Mistake 3: Not Validating Field Metadata

Metadata is inert—it doesn't auto-validate. You must write validation logic:

# ❌ Metadata alone doesn't validate
@dataclass
class User:
age: int = field(metadata={"min": 0, "max": 150}) # Just metadata, no validation!

# ✅ Write validation in __post_init__()
@dataclass
class User:
age: int = field(metadata={"min": 0, "max": 150})

def __post_init__(self) -> None:
meta = field(age).__metadata__ # Access metadata
if not (meta["min"] <= self.age <= meta["max"]):
raise ValueError(f"Age out of range")

Mistake 4: Comparing Instances When You Shouldn't

By default, __eq__() compares all fields. Use compare=False for fields that shouldn't affect equality:

# ❌ created_at affects equality (usually not desired)
@dataclass
class User:
user_id: int
name: str
created_at: datetime

# ✅ created_at doesn't affect equality
@dataclass
class User:
user_id: int
name: str
created_at: datetime = field(compare=False)

Try With AI

In this lesson, you mastered advanced dataclass features: field customization, validation through __post_init__(), InitVar for temporary data, and serialization patterns. Now let's synthesize and extend your understanding.

Use Claude Code or your preferred AI companion to work through these prompts. For each, describe what you want before asking for code:

Prompt 1 (Recall): "What's the difference between default, default_factory, and InitVar? When would you use each?"

Expected Outcome: You explain that default works for immutable types, default_factory creates new mutable objects per instance, and InitVar passes data to __post_init__() without storing.

Prompt 2 (Understand): "How does __post_init__() work? Show me step-by-step what happens when I create a dataclass instance."

Expected Outcome: You trace: dataclass __init__() runs → __post_init__() runs → validation happens → computed fields set.

Prompt 3 (Apply): "Create a Product dataclass with:

  • Required: sku, name, base_price
  • Optional: discount_percent (InitVar, used in post_init)
  • Computed: final_price (calculated in post_init)
  • Validation: prices > 0, discount 0-100%

Include post_init() with validation.
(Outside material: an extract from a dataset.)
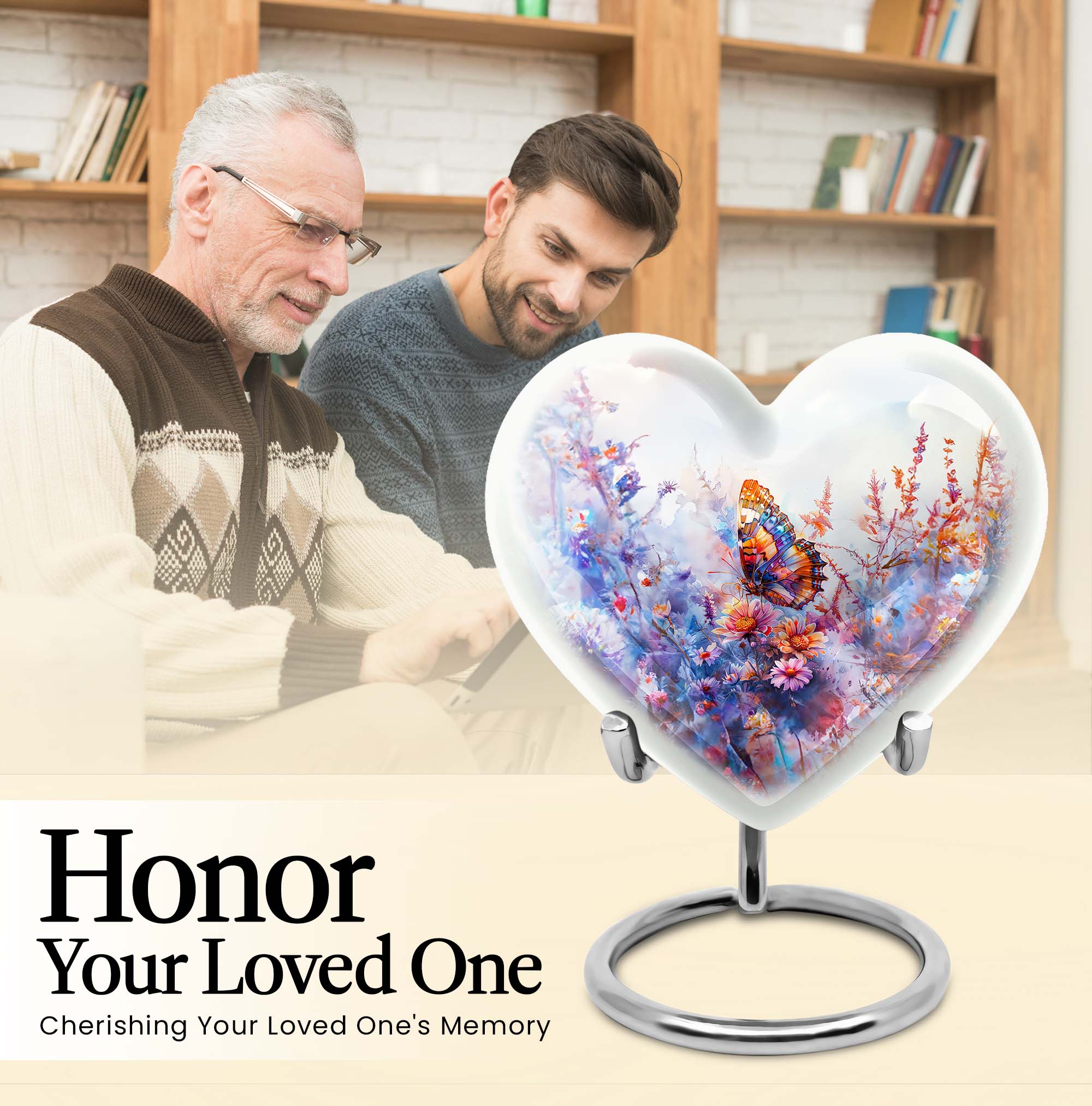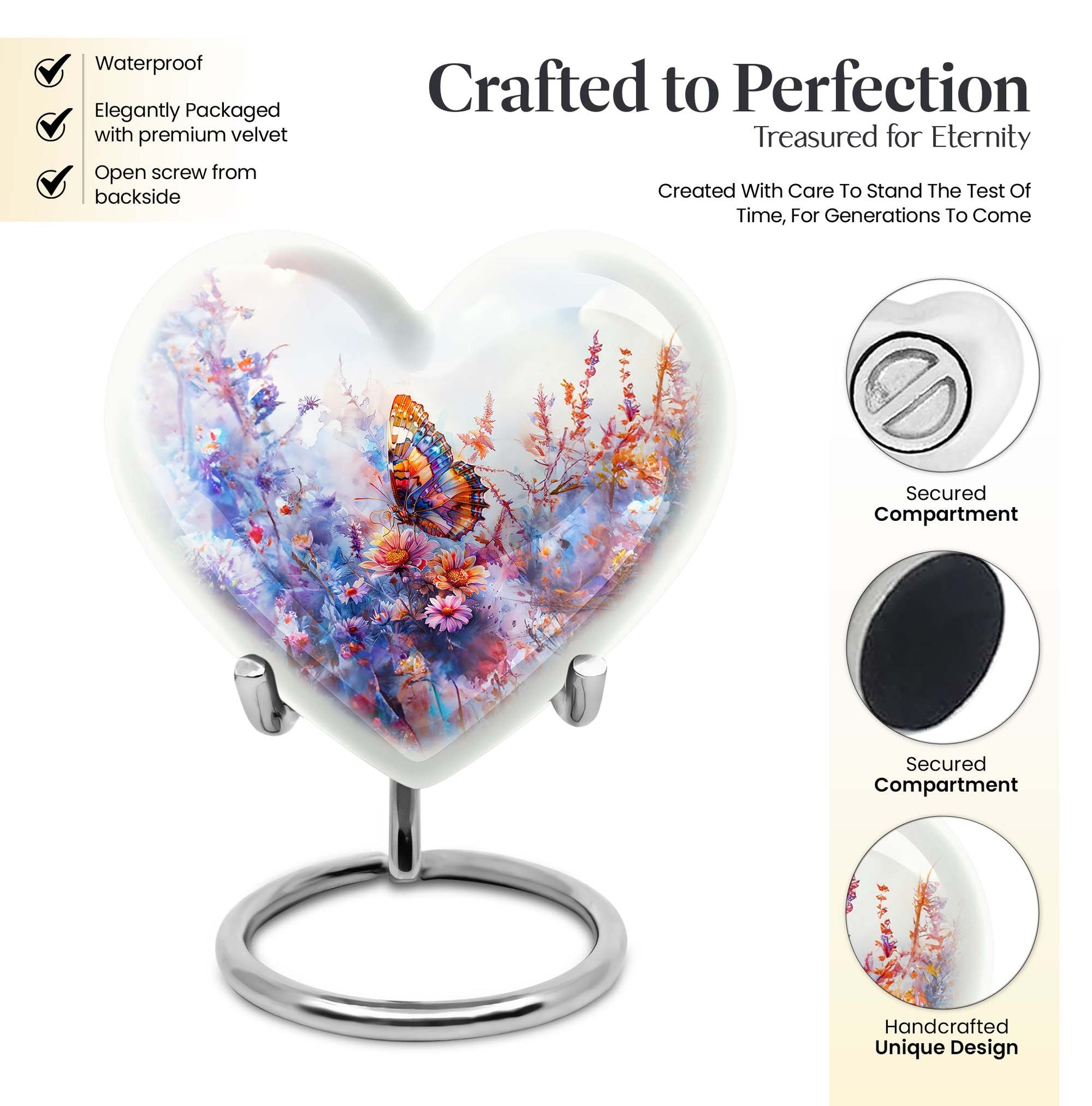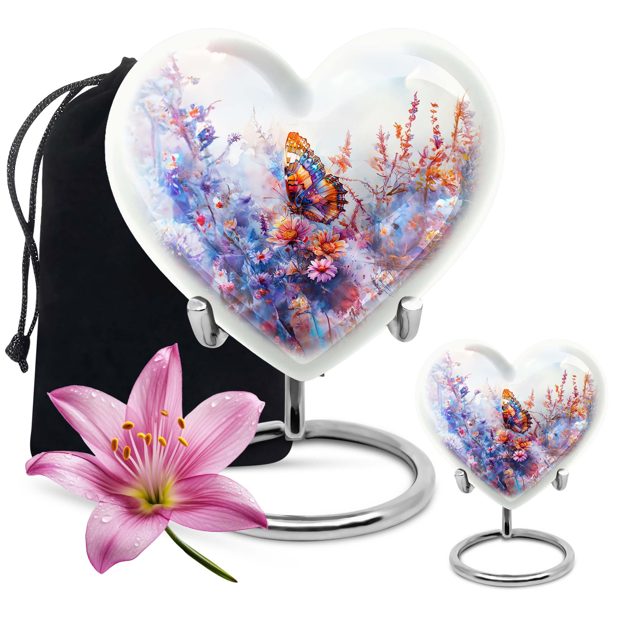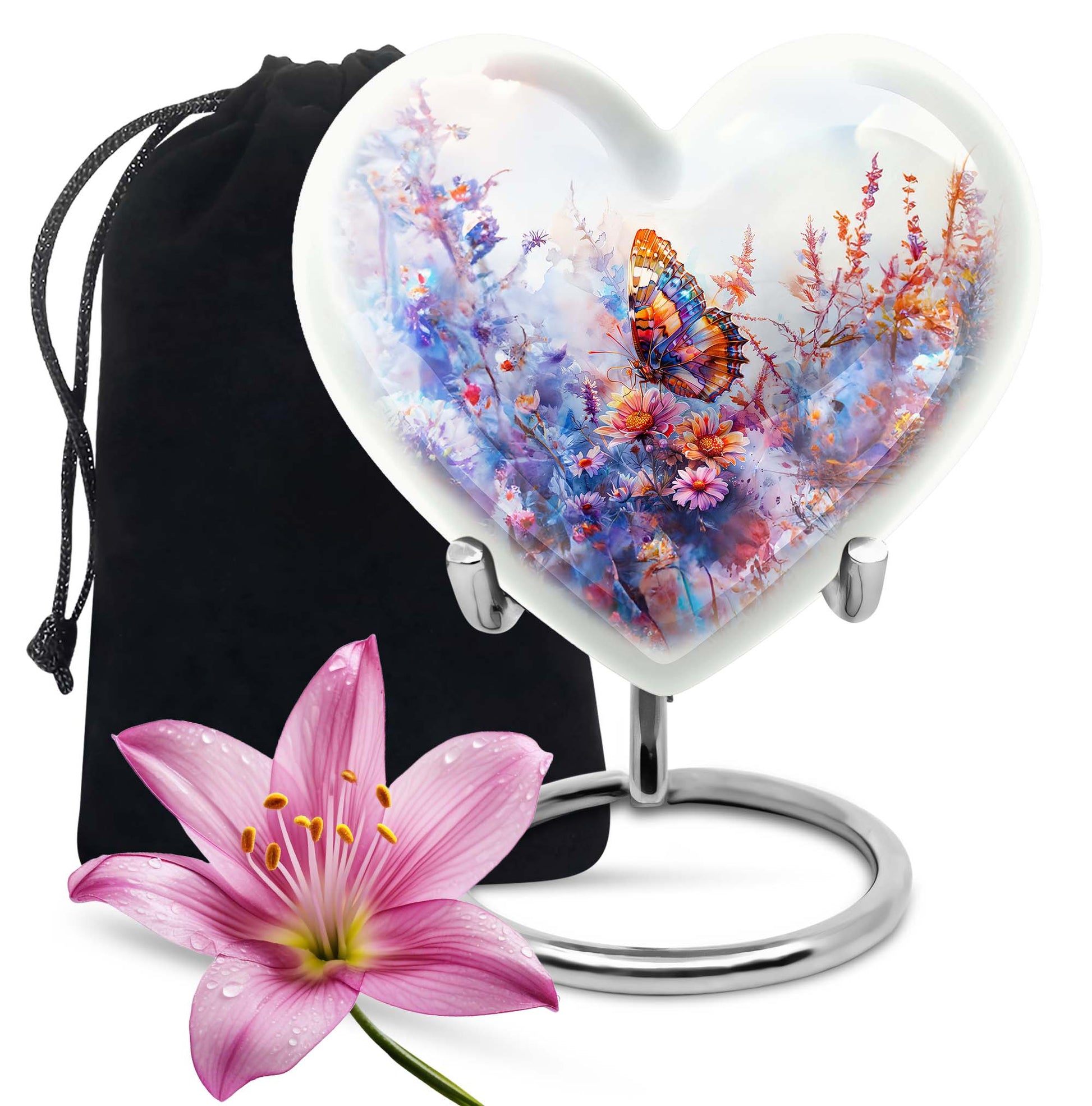 This exquisite heart-shaped butterfly urn is a beautiful way to cherish and safeguard your loved one’s memory. With vibrant artwork featuring butterflies and wildflowers, it symbolizes peace, hope, and eternal love.

Test creating valid and invalid products."

Expected Outcome: Working dataclass with InitVar, validation, and computed field. Attempts to create invalid instances fail with clear error messages.
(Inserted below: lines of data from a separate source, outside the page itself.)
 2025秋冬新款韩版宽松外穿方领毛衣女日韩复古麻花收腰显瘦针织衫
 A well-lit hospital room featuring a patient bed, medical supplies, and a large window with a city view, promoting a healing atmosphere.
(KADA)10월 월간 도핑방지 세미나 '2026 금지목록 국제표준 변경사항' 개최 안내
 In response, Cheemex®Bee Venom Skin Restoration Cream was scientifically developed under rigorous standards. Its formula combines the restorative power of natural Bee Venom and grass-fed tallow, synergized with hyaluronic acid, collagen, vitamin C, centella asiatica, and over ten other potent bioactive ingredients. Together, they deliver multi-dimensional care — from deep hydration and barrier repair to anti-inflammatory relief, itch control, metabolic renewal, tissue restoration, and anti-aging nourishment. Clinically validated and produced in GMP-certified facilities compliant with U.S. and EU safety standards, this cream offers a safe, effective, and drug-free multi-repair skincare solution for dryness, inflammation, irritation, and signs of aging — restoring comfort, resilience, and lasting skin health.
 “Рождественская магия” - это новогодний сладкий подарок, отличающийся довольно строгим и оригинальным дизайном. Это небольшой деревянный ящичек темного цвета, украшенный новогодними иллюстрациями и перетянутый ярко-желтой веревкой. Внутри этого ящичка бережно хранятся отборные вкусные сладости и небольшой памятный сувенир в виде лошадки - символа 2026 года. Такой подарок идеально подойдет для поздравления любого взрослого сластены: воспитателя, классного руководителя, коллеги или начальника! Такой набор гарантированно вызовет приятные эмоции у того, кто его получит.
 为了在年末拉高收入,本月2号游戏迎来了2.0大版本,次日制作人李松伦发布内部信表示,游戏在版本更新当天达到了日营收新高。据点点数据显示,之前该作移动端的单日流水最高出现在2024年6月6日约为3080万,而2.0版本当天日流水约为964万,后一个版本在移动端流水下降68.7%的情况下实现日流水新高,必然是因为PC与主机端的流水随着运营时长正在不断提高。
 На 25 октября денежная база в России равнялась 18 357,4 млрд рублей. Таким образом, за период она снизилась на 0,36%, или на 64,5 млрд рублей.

Prompt 4 (Create): "Design a BlogPost dataclass for an API response. Include:

  • Required: post_id, title, author, content
  • Optional: tags, published_at
  • Metadata on title field (e.g., max length)
  • post_init() validation
  • Methods to convert to dict and from dict for JSON serialization

Show how you'd handle nested comments (Comment dataclass)."

Expected Outcome: Production-ready dataclass design with metadata, validation, serialization methods, and handling of nested objects.

Safety/Ethics Note: Dataclass validation prevents invalid states at creation time, which is safer than discovering invalid data later. Always validate in __post_init__() for production code. When handling user input, validate thoroughly—don't trust user-provided emails, URLs, or sensitive data.


You've now mastered both basic dataclasses (Lesson 3) and advanced features (Lesson 4). In Lesson 5, you'll synthesize everything by comparing metaclasses, dataclasses, and traditional classes to choose the right tool for different problems.